- **Provided records**
┌──
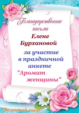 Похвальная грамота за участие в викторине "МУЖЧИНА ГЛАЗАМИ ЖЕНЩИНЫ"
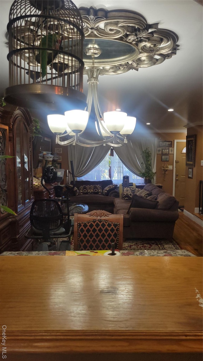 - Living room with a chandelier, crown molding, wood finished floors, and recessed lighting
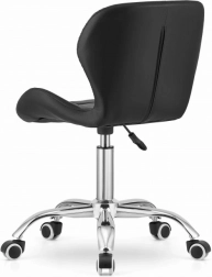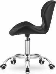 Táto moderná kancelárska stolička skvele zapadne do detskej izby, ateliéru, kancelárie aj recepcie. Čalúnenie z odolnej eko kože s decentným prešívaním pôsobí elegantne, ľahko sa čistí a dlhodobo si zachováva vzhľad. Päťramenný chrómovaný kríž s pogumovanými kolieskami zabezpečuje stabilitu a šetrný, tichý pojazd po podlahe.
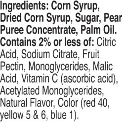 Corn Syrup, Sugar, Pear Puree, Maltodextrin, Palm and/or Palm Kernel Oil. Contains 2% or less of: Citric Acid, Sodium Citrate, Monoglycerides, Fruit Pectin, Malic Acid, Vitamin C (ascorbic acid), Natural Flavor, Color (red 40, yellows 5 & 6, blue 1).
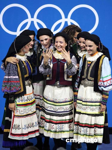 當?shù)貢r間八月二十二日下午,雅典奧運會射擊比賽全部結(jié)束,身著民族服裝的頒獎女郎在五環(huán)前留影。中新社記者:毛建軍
└──
┌──
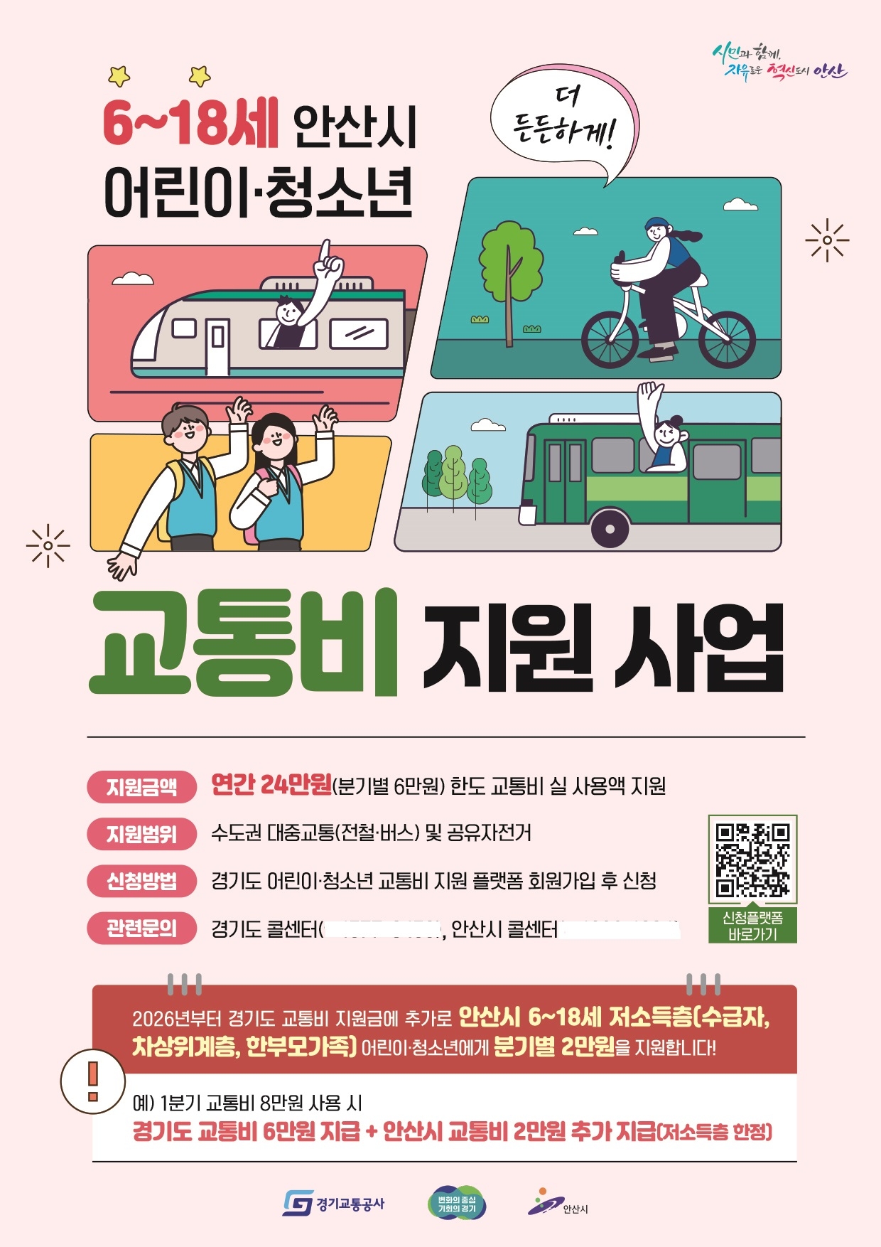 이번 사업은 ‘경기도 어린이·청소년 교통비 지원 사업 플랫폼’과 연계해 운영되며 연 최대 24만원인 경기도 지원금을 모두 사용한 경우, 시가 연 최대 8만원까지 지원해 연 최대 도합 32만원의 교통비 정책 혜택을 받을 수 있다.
└──
- **Task**
Using the data above, output the line that has "- Living room", the line that has "當?shù)貢r間八月二十二", and whatever lines fall between, each exactly as it stands and without pictures.

- **Task output**
 - Living room with a chandelier, crown molding, wood finished floors, and recessed lighting
 Táto moderná kancelárska stolička skvele zapadne do detskej izby, ateliéru, kancelárie aj recepcie. Čalúnenie z odolnej eko kože s decentným prešívaním pôsobí elegantne, ľahko sa čistí a dlhodobo si zachováva vzhľad. Päťramenný chrómovaný kríž s pogumovanými kolieskami zabezpečuje stabilitu a šetrný, tichý pojazd po podlahe.
 Corn Syrup, Sugar, Pear Puree, Maltodextrin, Palm and/or Palm Kernel Oil. Contains 2% or less of: Citric Acid, Sodium Citrate, Monoglycerides, Fruit Pectin, Malic Acid, Vitamin C (ascorbic acid), Natural Flavor, Color (red 40, yellows 5 & 6, blue 1).
 當?shù)貢r間八月二十二日下午,雅典奧運會射擊比賽全部結(jié)束,身著民族服裝的頒獎女郎在五環(huán)前留影。中新社記者:毛建軍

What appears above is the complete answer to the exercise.